Publié le 16 Dec 2024 - 20:44

Sénégal et BP : les stigmates ‘ coûts et surcoûts ’  

 

Après le Mozambique dont les réserves de gaz recouvrables en offshore sont estimés à 5 000 milliards de m3, le méga- gisement gazier à cheval entre les frontières maritimes du Sénégal et de la Mauritanie Grand Tortue Ahmeyim, sont estimés à 1400 milliards de m3 de gaz, c’est une manne de plus de 100 milliards au cours actuel du GNL qui attend les deux pays voisins sur les 20 ans et seulement dans la phase 1 et 2. L'opérateur public  britannique BP  détient 60%,  le reste entre l’Américain Kosmos Energy puis  les compagnies nationales sénégalaises PETROSEN et mauritanienne SMH.

C’est un champ offshore d’une complexité inouïe sur le continent et qui engage BP, son partenaire américain Woodside et les deux pays le Sénégal et la Mauritanie sur presque 30 ans à 50 ans de partenariat pour le développement de champ gigantesque. Les réserves de gaz recouvrables dans le large bassin de MSGBC seraient estimées selon les experts les plus conservateurs à plus de 20 000 m3 de gaz.  

Comme tout projet d’une telle technicité et d’un gigantisme jamais réalisé sur le continent en offshore. Un champ sur un périmètre de plus de 13000 m2 avec des forages à des profondeurs de plus de 2 500metres. C’est un pari financier et technique que seul un super – major comme BP peut engager… pour moins de 4 milliards de USD dollars, environ 3 000 milliards de FCFA dans la facture proforma.  

Malheureusement, comme d’ailleurs la plupart des méga – projet, c’est d’ailleurs le cas au Mozambique, le premier gaz suscite toujours des interrogations légitimes sur les retards et de plus en plus sur les coûts et surcoûts après les audits financiers et comptables initiés séparément par les états partenaires après moult reports et bien sur la montée exponentielle des factures. Ces coûts et surcoûts sont imputables aux investissements de développement, aux dépenses d’exploitation principalement. Il faut souligner qu’entre temps l’expertise locale de l’ingénierie projet dans les hydrocarbures s’est étoffée avec l’apport de professionnels et hauts cadres du secteur issus de la diaspora.  

L’enjeu pour les États partenaires : le Sénégal et la Mauritanie c’est le cost gaz ou l’amortissement des investissements initiaux – de l’exploration à l’exploitation -  essentiels à la mise en exploitation et surtout les recettes et dividendes pour les États. Pour l'opérateur chef de fil, plus les coûts sont élevés, plus il supporte des coûts financiers qui vont grever le plan d’amortissement des coûts pétrolier dans le cadre du contrat de partage de production.
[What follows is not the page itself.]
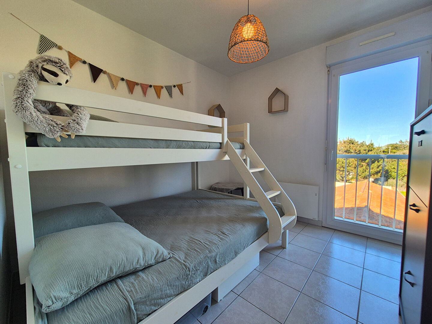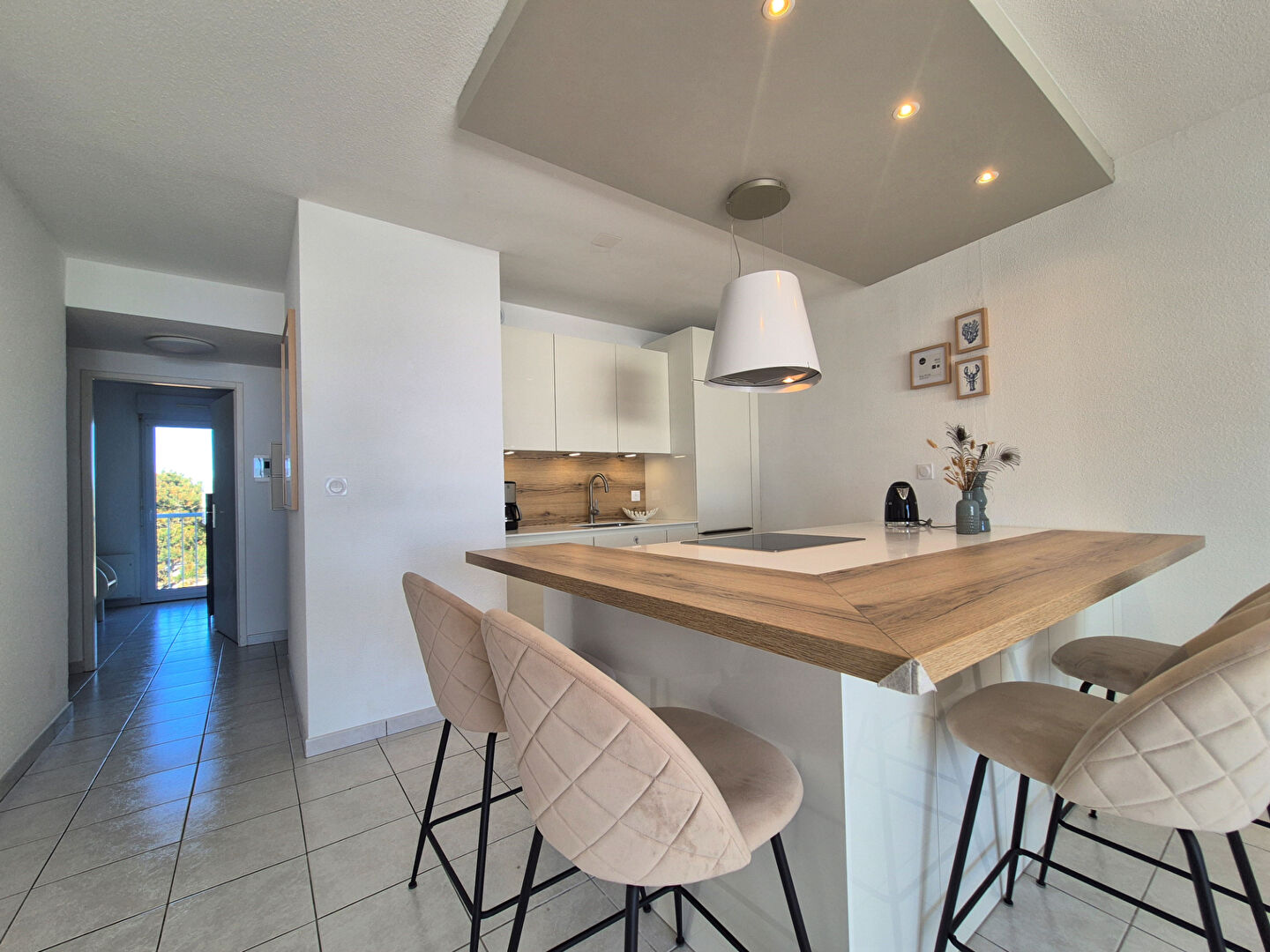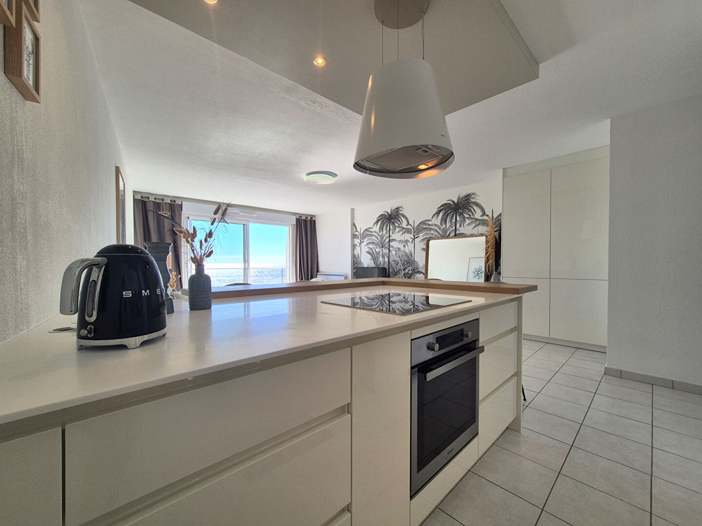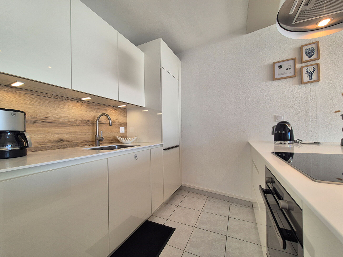 Il se compose d'une entrée, d'un grand séjour très lumineux ouvrant sur la terrasse face à la mer où prendre ses repas et profiter de la vue, d'une cuisine haut-de-gamme aménagée et équipée, deux chambres avec grands placards, une salle d'eau et wc séparé.
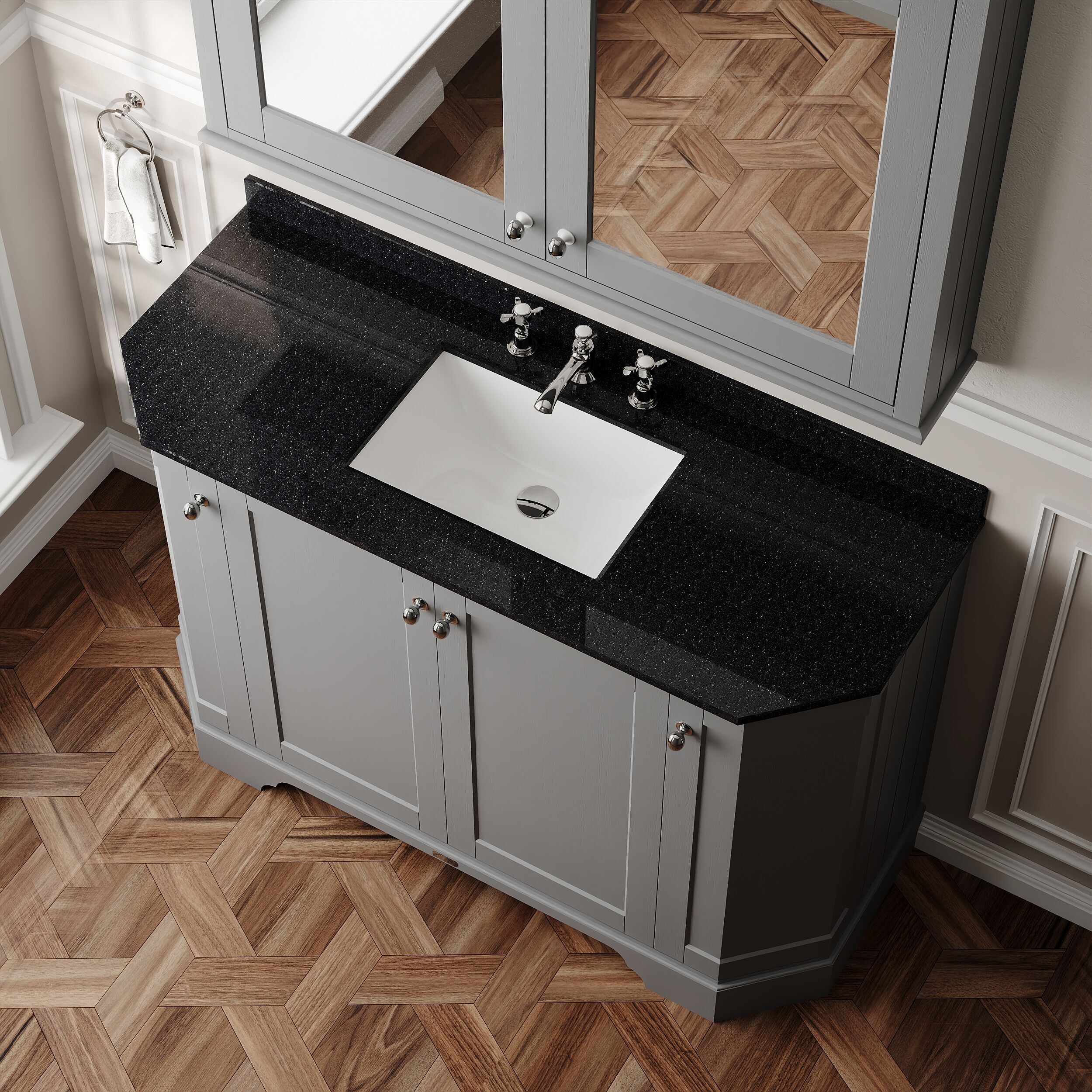 Old London Floor Standing 4 Door Angled Vanity Unit with 3 Tap Hole Black Marble Top 1200mm - Storm Grey

Ce sera donc moins pour les États sur les 3 voire les 5 premières années et plus de revenus pour BP aux titres des charges d’exploitation dans les phases amont.

Le gap dans les coûts récupérables entre BP et les deux rapports d’audit du Sénégal et de la Mauritanie se chiffre presque à environ 2 milliards de dollars US soit plus de 1400 milliards de FCFA soit presque 3 ans de production de tout le champ pétrolier. Face à la fiabilité des audits comptables sénégalais et mauritaniens c’est la bonne foi de BP qui est sur la balance avec à la clé’ les futures phases de développement de GTA. Les bons comptes faisant les bons amis….

Face aux appétits des actionnaires de BP qui vient de rétropédaler par rapport à ses engagements sur le climat, c’est le pacte de confiance du partenariat stratégique entre l'opérateur britannique et nos deux états qui est remis en question en attendant toujours le chargement du premier méthanier. A Dakar comme à Nouakchott on ne transige plus sur les intérêts supérieurs de nos états et BP gagnerait à changer ses méthodes et son logiciel.